Коренастый ткнул Ксению кулаком: она успела заслониться локтем.

— Прокурору жаловалась? — шипел он. — Легавила? Дуй еще раз, если головы не жалко.

Он рывком отвел руку девушки, но вторично ударить не успел: его занесенный кулак на лету схватил Юрий, пригнул книзу.

— Чего пристал?

Ожидая удара, Ксения невольно зажмурилась. Коренастый круто рванулся назад, выдернул руку, видимо не зная, кто перед ним. Глаза его зло сузились, ноздри приплюснутого носа шевелились. Коротенькое пальто открывало его кривые ноги, обтянутые узкими брючками. Увидев, что Юрий один, он грубо крикнул:

— Хахаль?

Юрий заслонил девушку, веско предупредил:

— Не трогай, говорю.

— Хочешь за компанию схватить в морду?

Юрий стоял, крепко расставив ноги, возвышаясь над коренастым на целую голову. Светлые брови его были нахмурены, толстые мягкие губы сжаты, большие кулаки он держал наготове. Хулиган угрожающе сунул руку в карман пальто, будто за ножом: «Сейчас полосну жоржика». Юрий не спускал с него зорких глаз, готовый к отпору. Внезапно слева налетел долговязый в куртке с меховым пристяжным воротником, ударил в ухо. Юрий пошатнулся, но успел оправиться и отбить его второй наскок. Коренастый подпрыгнул, с другой стороны влепил ему кулаком в скулу.

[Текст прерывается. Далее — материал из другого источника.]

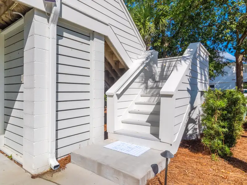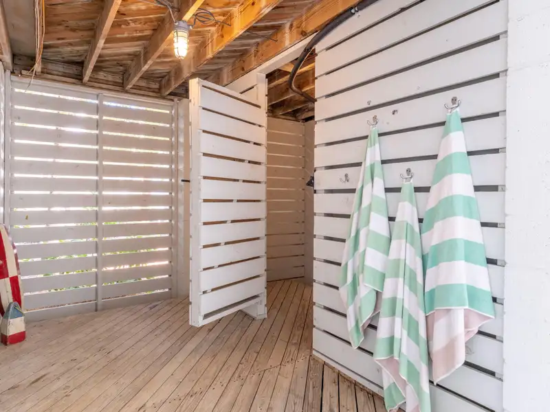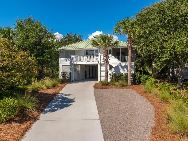The bungalow's drive-under elevated design provides for fun times while awaiting a tropical sprinkle to pass...sitting area, game space, private outdoor shower and multi-storage areas are essential beach house needs. The area offers covered parking for three cars-the maximum amount allowed by the community. The entire under portion and driveway were also recently poured with fresh concrete and wood decking in 2022. Essential coastal elements of metal roof and hardiplank siding complete the exterior.

— Приласкаю тебя, гада, как и твою кралю.

Юрий стойко защищался, у долговязого растрепался чубчик, из носа потекла черно-красная струйка: громадная кепка коренастого с усиками свалилась в снег. Толпа сгрудилась, наблюдала, в драку никто не ввязывался. Поняв это, хулиганы насели азартнее, Юрию попадало все больше и больше. И внезапно долговязый свалился с ног, словно срезанный, а на его месте выросла плечистая фигура Валерия Чавинцева, и он медлительно, коротко пропустил сквозь зубы:

— Апперкот.





Юрий догадался: апперкот — это боксерский прием, короткий удар снизу в челюсть. Едва коренастый увидел своего товарища поверженным, он бросил его одного, трусливо нырнул в толпу, забыв на снегу кепку. Долговязый, поднявшись, молча бегом последовал за ним.

— Знакомая? — хладнокровно спросил Валерий, кивнув на Ксению, и поправил нитяную перчатку на правой руке.

Юрий не ответил. Безмолвно, словно посторонняя, стояла и Ксения. Чернявая подружка схватила ее под руку.

— Давай скорей на трамвай. Еще, гляди, вернутся.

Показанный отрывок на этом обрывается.